The bigram filters are those suggested by Justeson and Katz.

  • A N
  • N N

A = adjective
N = noun


passesTrigramFilter

protected boolean passesTrigramFilter(java.lang.String[] wordClasses)
Filter trigrams by word class.

Parameters:
wordClasses - Major word classes for words comprising trigram.

The trigram filters are those suggested by Justeson and Katz.

  • A A N
  • A N N
  • N A N
  • N N N
  • N P N

To this we add, for trigrams:

  • N C N

A = adjective
N = noun
P = preposition
C = conjunction


passesVerbFilter

protected boolean passesVerbFilter(java.lang.String[] wordClasses)
Filter ngrams containing verbs.

Parameters:
wordClasses - Major word classes for each word in ngram.

The ngram is filtered if any of the constiuent words is a verb.


passesWordClassFilters

public boolean passesWordClassFilters(java.lang.String[] words)
Filter multiword units using major word class.

Parameters:
words - Major word class for each word in the ngram.
Returns:
true if multiword unit passes word class filters.

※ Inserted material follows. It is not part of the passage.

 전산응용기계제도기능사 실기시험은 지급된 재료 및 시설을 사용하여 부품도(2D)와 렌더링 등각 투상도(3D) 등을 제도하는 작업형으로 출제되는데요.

The verb filter removes all multiword units containing a verb.


generateResults

protected ResultsPanel generateResults(WordHoardSortedTableModel model,
                                       java.lang.String[] maxLabels,
                                       int sortColumn,
                                       int totalWordCount)
Displays results of multiword unit extraction in a sorted table.

Parameters:
model - Table model holding data to display.
maxLabels - Maximum width value for initial table columns.
sortColumn - Column on which to sort table.
totalWordCount - Total number of words.
Returns:
ResultsPanel with table and title.

isCloudAvailable

public boolean isCloudAvailable()
Is cloud output available?

Specified by:
isCloudAvailable in interface AnalysisRunner
Overrides:
isCloudAvailable in class FrequencyAnalysisRunnerBase
Returns:
true if cloud output available, false otherwise.

areResultOptionsAvailable

public boolean areResultOptionsAvailable()
Are result options available?

Specified by:
areResultOptionsAvailable in interface AnalysisRunner
Overrides:
areResultOptionsAvailable in class FrequencyAnalysisRunnerBase
Returns:
true if result options are available, false otherwise.

getResultOptions

public LabeledColumn getResultOptions()
Return result options.

Specified by:
getResultOptions in interface AnalysisRunner
Overrides:
getResultOptions in class FrequencyAnalysisRunnerBase
Returns:
Result options in a LabeledColumn.

getCloud

public ResultsPanel getCloud()
Show tag cloud of Dunning's log-likelihood profile.

Specified by:
getCloud in interface AnalysisRunner
Overrides:
getCloud in class FrequencyAnalysisRunnerBase
Returns:
ResultsPanel containing the cloud.